화학공학소재연구정보센터
Powder Technology, Vol.183, No.3, 480-500, 2008
Agglomerates and granules of nanoparticles as filter media for submicron particles
An experimental study on filtration of submicron solid and liquid aerosol particles by using a filter media composed of agglomerates or granules of nanoparticles is described. Fumed silica nanoagglomerates, carbon black granules, silica shells, activated carbon granules, glass beads and nanoporous hydrophobic aerogel were among the granular filter media tested and compared to a commercially available HEPA fiber-based filter.
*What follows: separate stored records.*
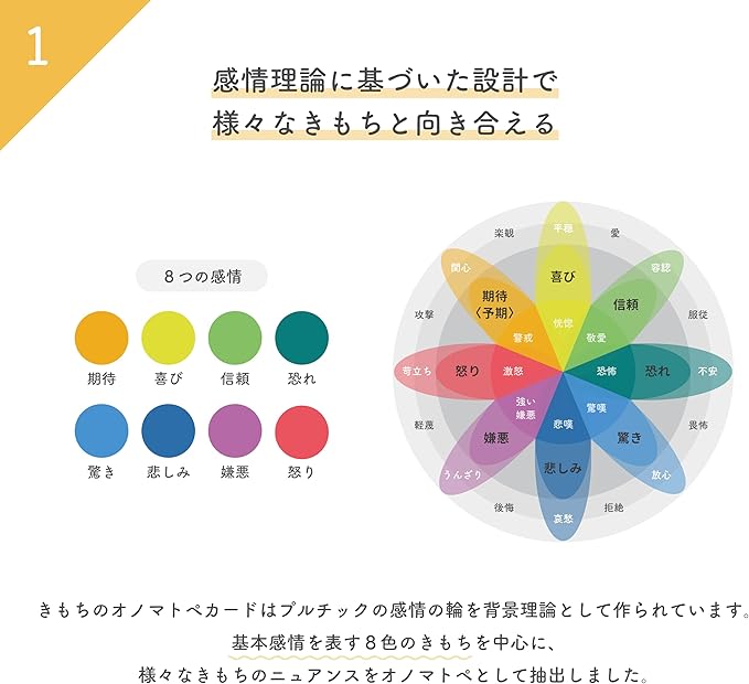 ①感情理論に基づいた設計で様々なきもちと向き合える。
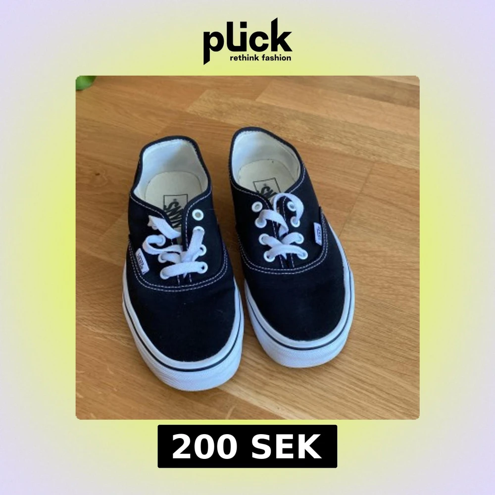 Klassiska svarta Vans sneakers med vit sula och vita snören. Skorna har tydliga kontrastsömmar och den ikoniska Vans-loggan på sidan och bak på sulan. Ovandelen är i canvas och sulan är i gummi med det klassiska rutmönstret undertill. Köpta för ca 2 år sedan och använda max 3 ggr av mig.
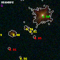 Black segments are analyzed here. Roll mouse over color images to view segments. Best viewed in a wide browser window (1200 pixels or more). Download SED & P(z) plots to view larger versions.
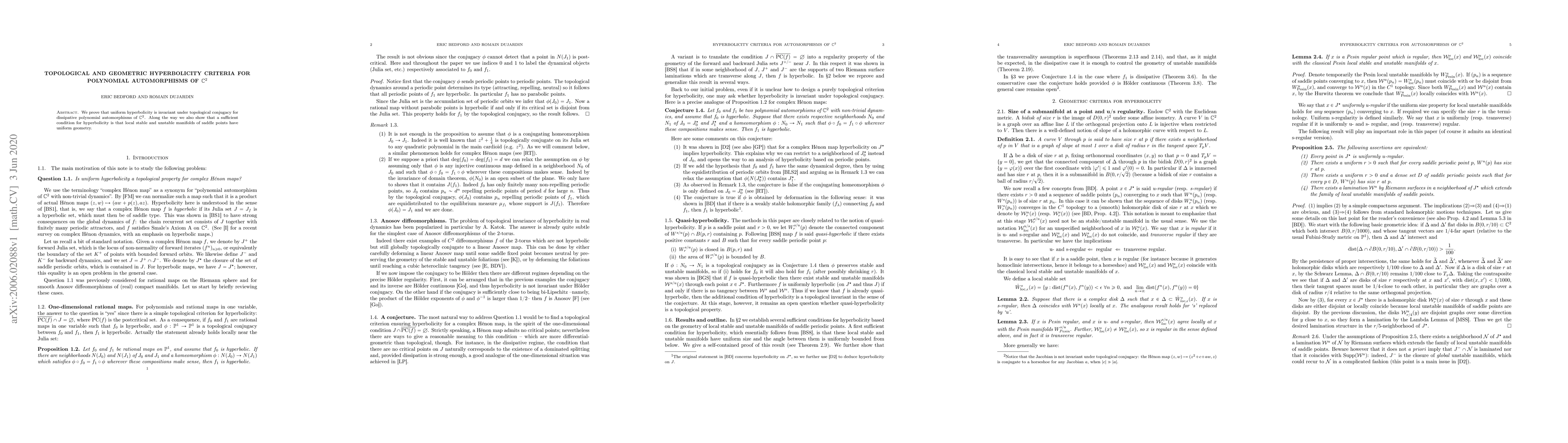 Researchers prove that uniform hyperbolicity is preserved under topological conjugacy in polynomial automorphisms of C^2. They also establish a geometric criterion for hyperbolicity based on the uniform geometry of saddle points' local stable and unstable manifolds.
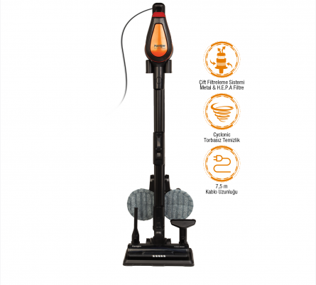 Dar alan aparatları ile her köşeye ulaşır; metal ve HEPA çift filtre sistemiyle temiz hava çıkışı sağlar. 1,3 L toz haznesi, tek tuşla boşaltım özelliği ve 7,5 m kablosu ile pratik kullanım sunar. Katlanabilir metal borusu ve ayaklı stand park özelliği sayesinde ergonomik ve düzenli saklama imkânı sağlar.
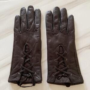 Vintage Brown Leather Gloves ILI Lace Up Womens Small 6 1/2
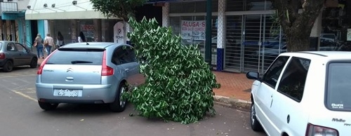 Quem disse que não teve vaga para estacionar no centro de Campo Mourão? Na rua Brasil, em frente à prefeitura, até galho de árvore consegue vaga. A foto é desta quinta-feira.
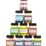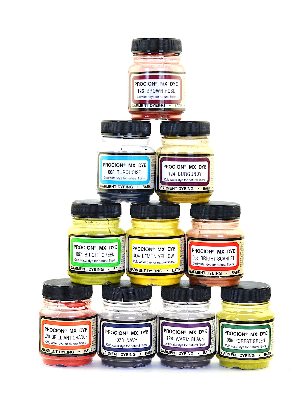 Procion MX dyes are “cold water dyes” that are fixed chemically instead of with heat. This unique property sets Procion MX apart from all other dyes and establishes them as the undisputed king of backyard dyeing, batik and tie dye. Because Procion MX dyes can be used away from the stovetop, they are also the ideal colors for shibori, ice dyeing, tub and low water immersion dyeing, printing, direct painting and other “alternative” dye applications. As a fiber-reactive dye, Procion MX forms a strong covalent bond with cellulosic fibers, making it the most permanent and washfast of all dyestuffs. Mix the concentrated dye powder with tap water to create the most vibrant colors possible for cotton, linen and other plant-based fabrics (may also be used with protein fibers if acidified). Procion MX dyes are typically used with a soda ash fixative, which can be added directly to the dye bath or used to pretreat the fabric as in tie dyeing and other “batch setting” techniques. Typically, one 2/3 oz/18.71 g bottle will dye more than 1 lb/0.45 kg of dry fabric (very bright colors will require more dye and pastel colors will require less).
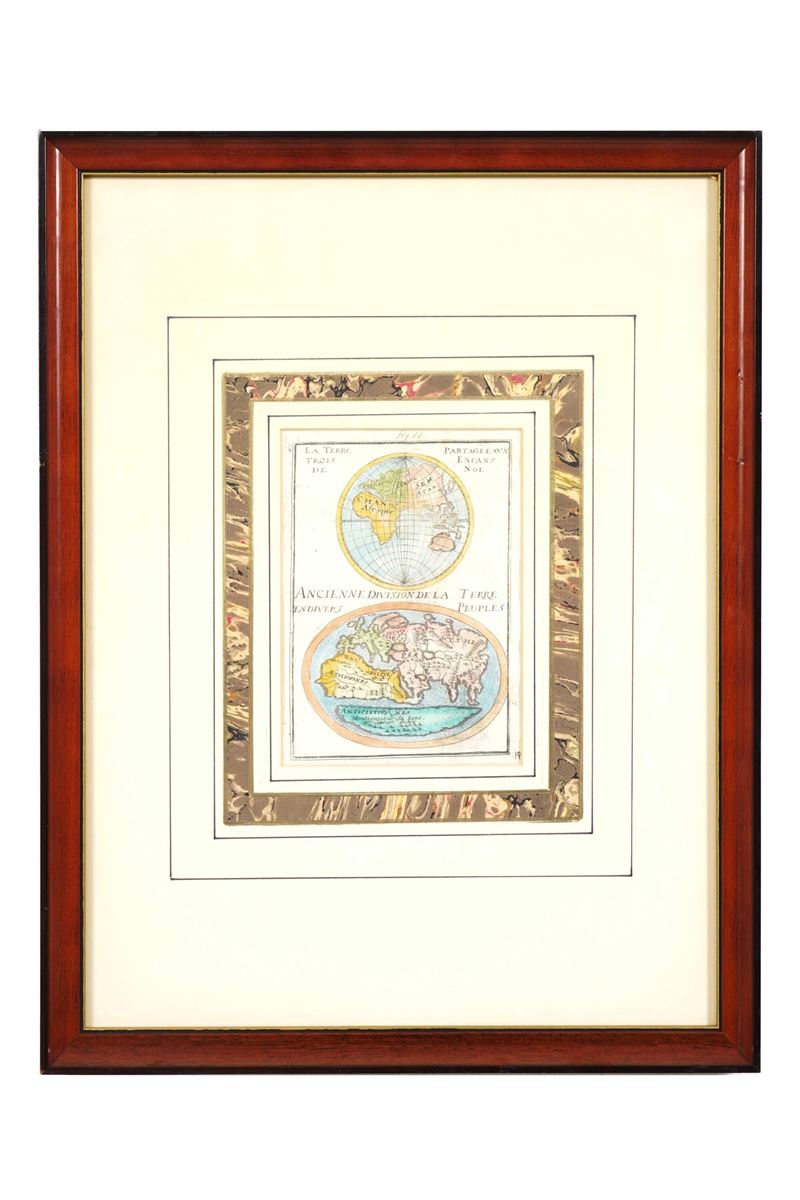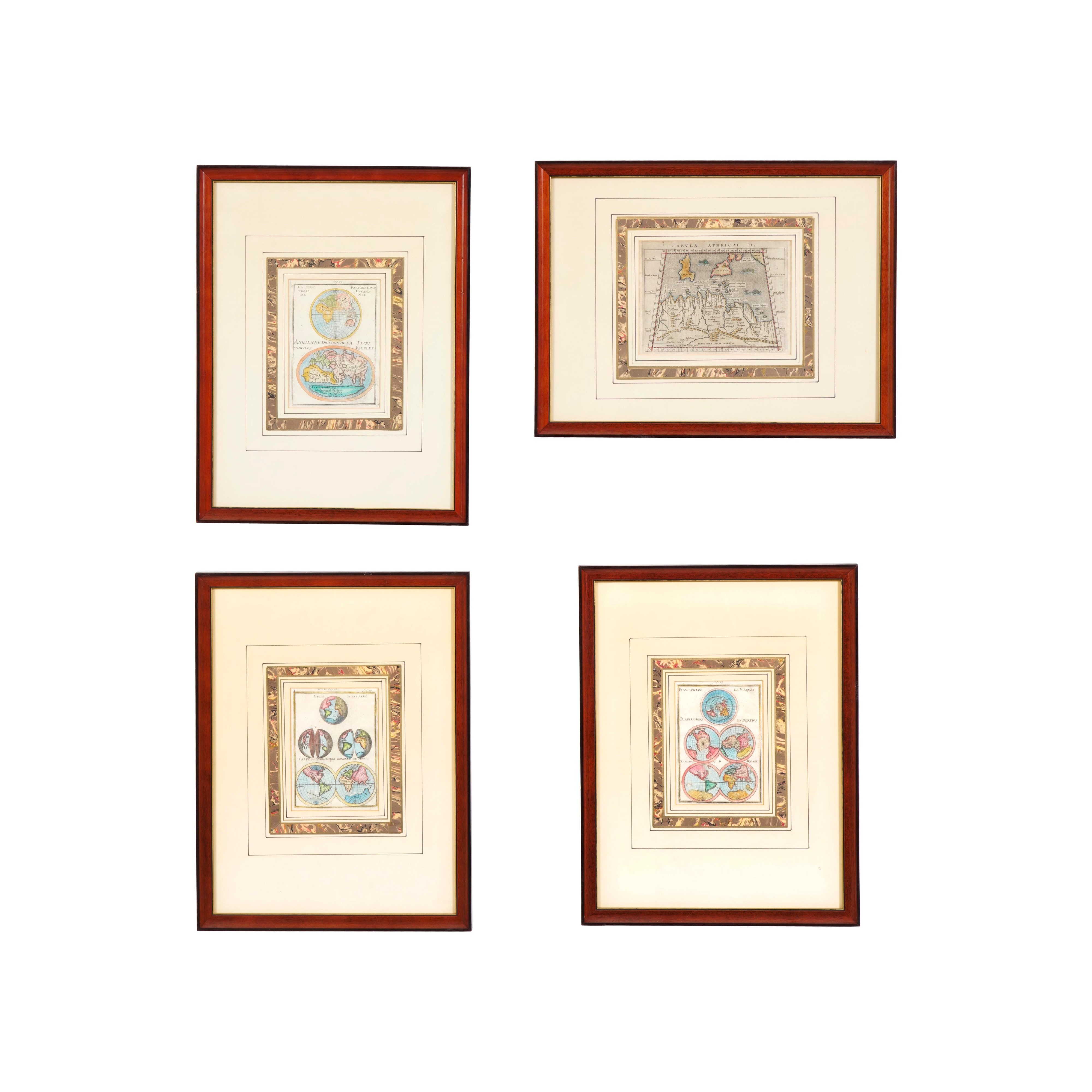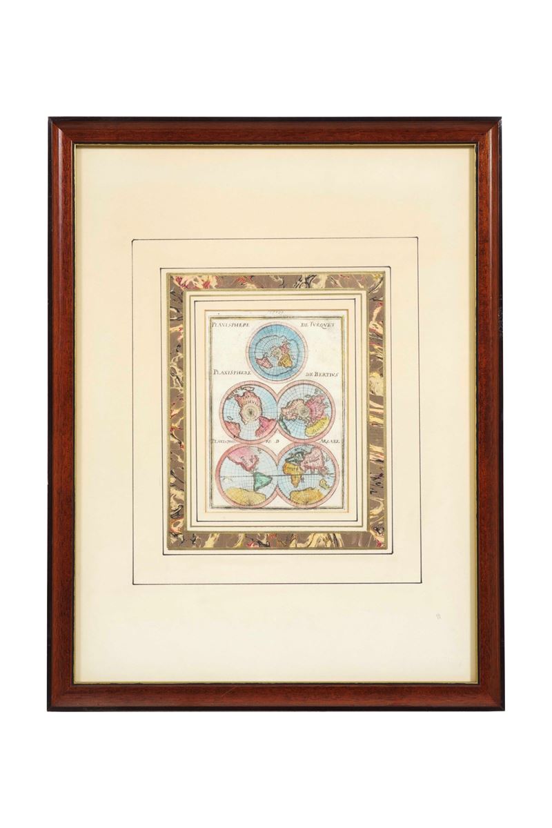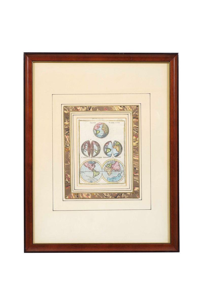 Tre raffiguranti l'orbe terraqueo e una una porzione dell'Africa. Entro cornici moderne
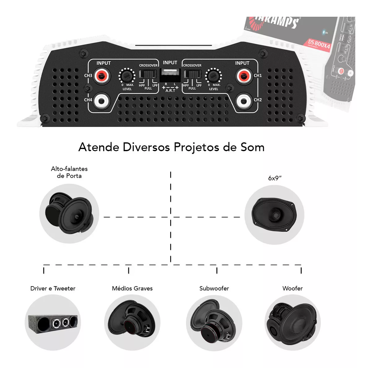 Devido à sua diversidade, pode ser instalado para amplificar alto-falantes de portas e tampão de carros, caminhonetes, picapes, SUVs, caixas de moto propaganda, kit 2 vias, kit 4 vias, coaxial, triaxial, quadriaxial, 4 polegadas, 5 polegadas, 6 polegadas, 6x9 polegadas, 5x7 polegadas, caixa trio, caixas bob, caixas residenciais, entre outros.
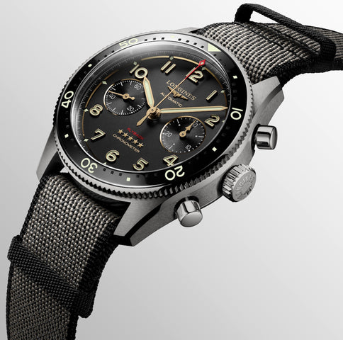 Longines Watch Spirit Flyback Titanium L3.821.1.53.2. Historically, Longines has accompanied legendary pioneers as they conquer air, land and sea. Today, the winged hourglass brand has drawn inspiration from this heritage to create Longines Spirit, a collection with an impeccable pedigree.

Other than the glass beads which were used for comparison purposes, the primary particle size of the agglomerates/granules is of nanometer scale, but they agglomerate to form porous structures of about several hundreds of microns which were customized as packed (deep bed) or fluidized bed filters and challenged against submicron solid and liquid aerosols. For packed bed filters, the size of the granules has been optimized to a range of 150-500 mu m with a filter thickness of about 1-3 in. and superficial gas velocities of less than 4 cm/s. Fluidized beds required granules smaller than 150 mu m and the height of the bed was in the range of 15-40 cm. The customized filters and a HEPA fiber-based filter were challenged simultaneously against the same aerosol at the same superficial gas velocities. When using carbon black or aerogel granules as filter media, collection efficiencies comparable or even higher than HEPA fiber-based filters are obtained, but with the advantage of extra filtration capacity due to the deep bed configuration and the absorption of liquids into the porosity of the media. A fluidized bed filter of aerogel granules not only provides higher collection efficiency and larger capacity than a HEPA fiber-based filter when challenged against both oil mist and solid aerosols but also has an extremely low pressure drop compared to a packed bed filter and can be operated continuously with respect to removing saturated granules and adding fresh ones. (C) 2008 Elsevier B.V. All rights reserved.